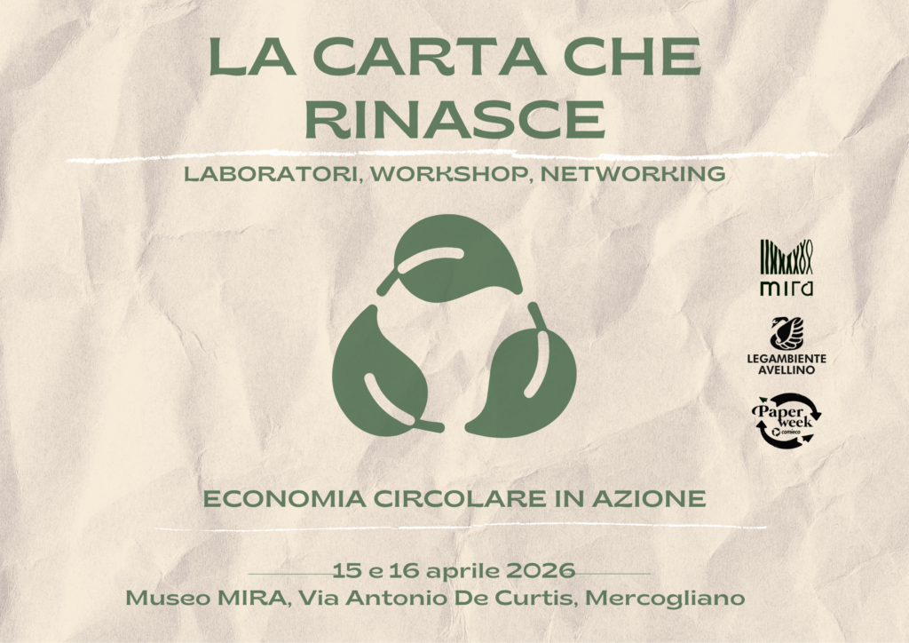 Promuovere il riciclo e sensibilizzare le nuove generazioni sui temi dell’economia circolare: è questo l’obiettivo di “La carta che rinasce”, iniziativa in programma il 15 e 16 aprile presso il Museo M.I.R.A. di Mercogliano. L’evento è organizzato da Legambiente Avellino – Alveare, in collaborazione con Comieco, nell’ambito della Paper Week.
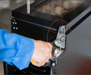 Знову акуратно прикріпіть скляні двері та нижню петлю та закріпіть гвинти.
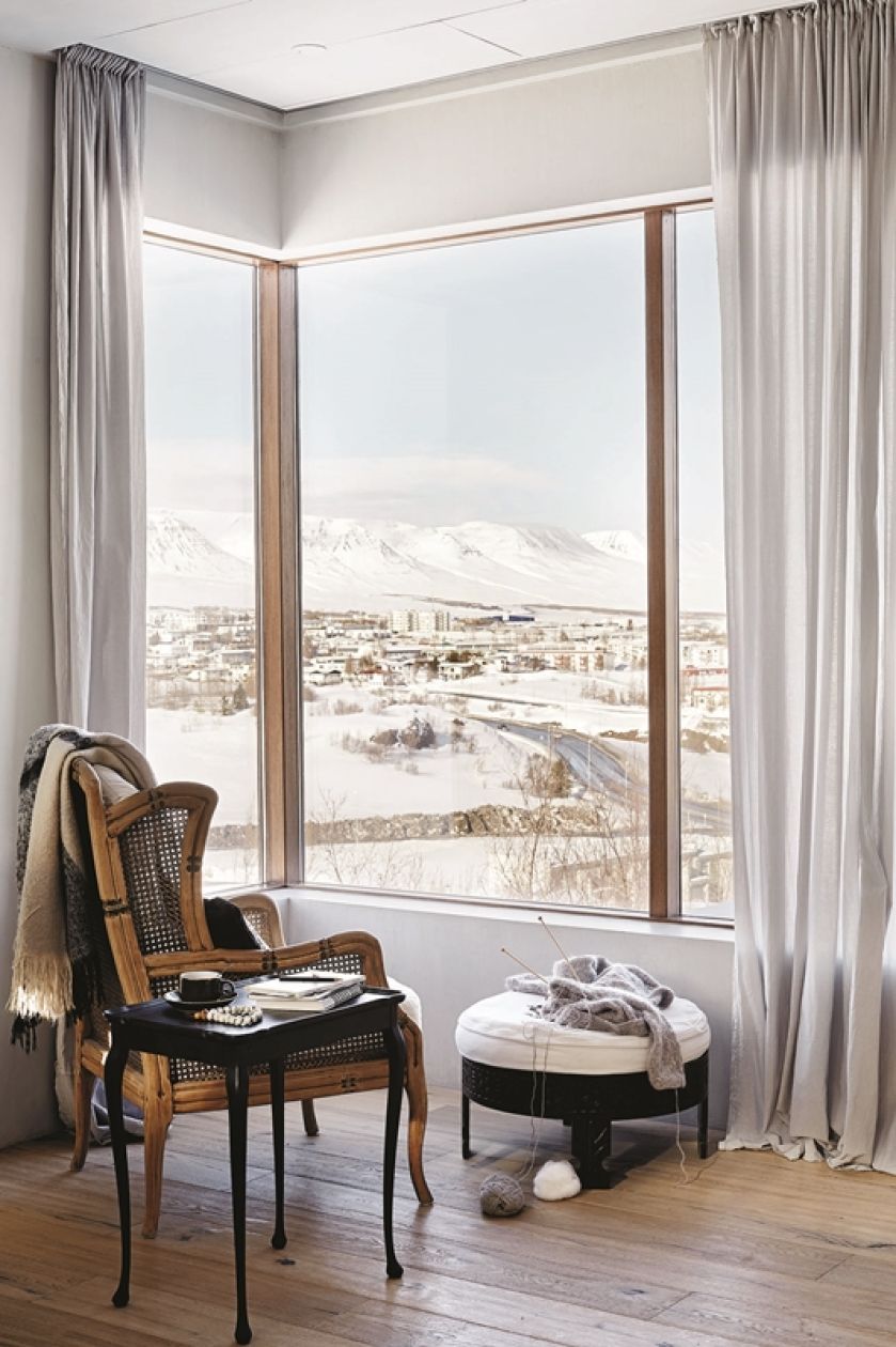 Margaret urządziła wnętrza w szarościach i drewnie, w stylu skandynawskim. Ma nie tylko fantastyczny widok z okna. Wystarczy, że wyjdzie z domu, założy narty i od razu rusza na stok.
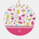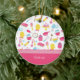 Does your little girl love to bake and cook? This cute custom baking pattern Christmas tree ceramic ornament is perfect! Ornament has cookies, oven mitts, measuring spoons and cups, cupcakes, cakes, muffin tins, mixers, and more. There are also sprinkles on top of a pink background and a place for the first name of your little kid on the front and the year on the back.
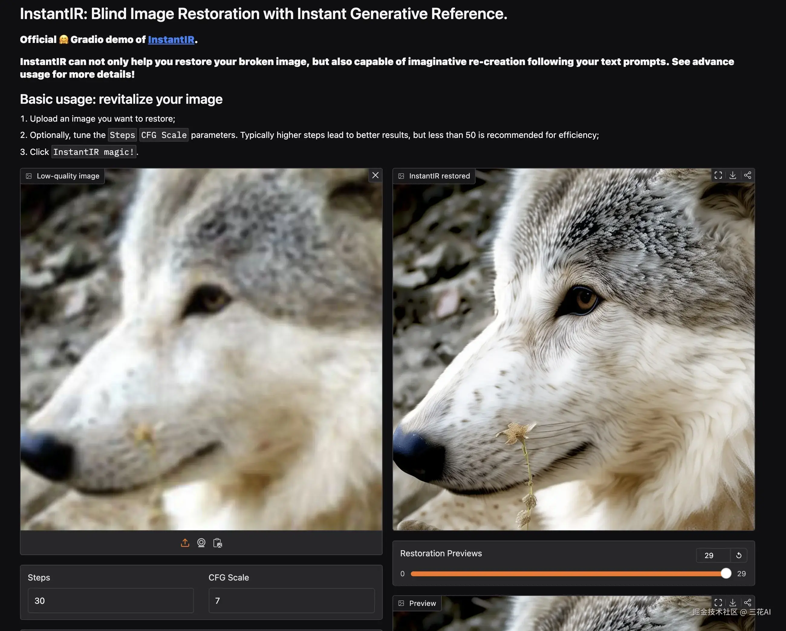 InstantIR[2]现在发布了在线演示[3],可以体验一下。这是基于 SDXL 的高清修复模型,效果远超同类超分辨率模型。
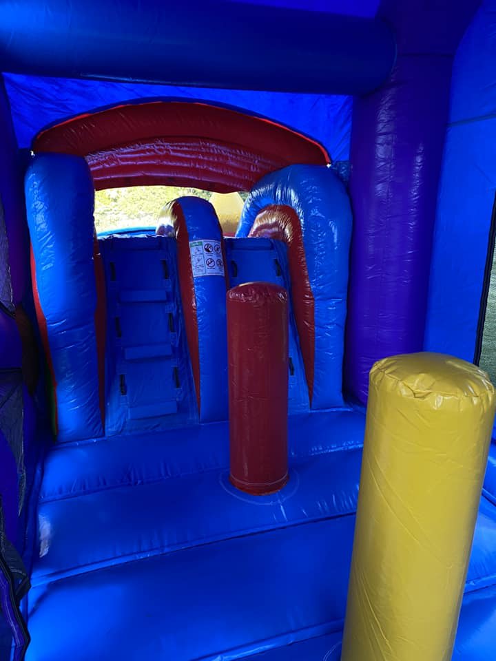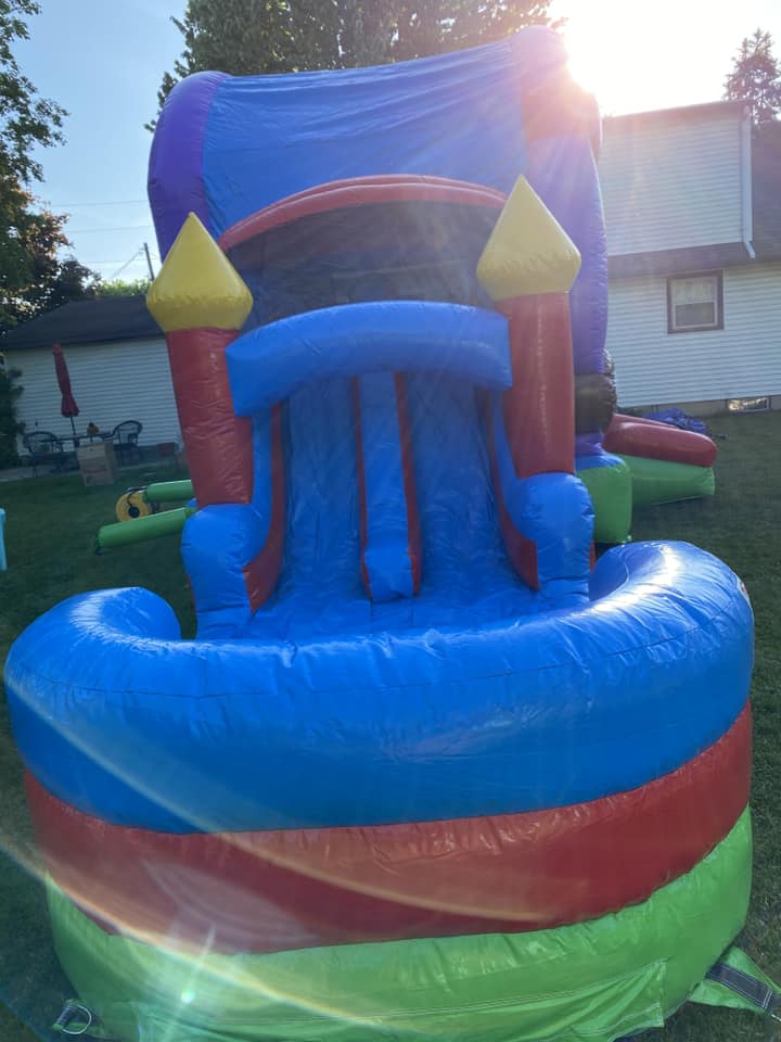 Reach for the sky as you slide down the dual-lane slide, choosing between a refreshing splash into the pool below (wet option) or an exhilarating dry ride. Whether you prefer a watery adventure or a thrilling dry ride, our Ferris Wheel Bounce House has something for everyone.

*Description of the task*. The lines from the one holding "InstantIR[2]现在发布了在线演示[3],可以体验一下。这是基于 SDXL 的高清修复模型,效果远超同类超分辨率模型。" through the end of the material above are to be echoed exactly, both ends included. Do not include pictures.

*Result*.
 InstantIR[2]现在发布了在线演示[3],可以体验一下。这是基于 SDXL 的高清修复模型,效果远超同类超分辨率模型。
 Reach for the sky as you slide down the dual-lane slide, choosing between a refreshing splash into the pool below (wet option) or an exhilarating dry ride. Whether you prefer a watery adventure or a thrilling dry ride, our Ferris Wheel Bounce House has something for everyone.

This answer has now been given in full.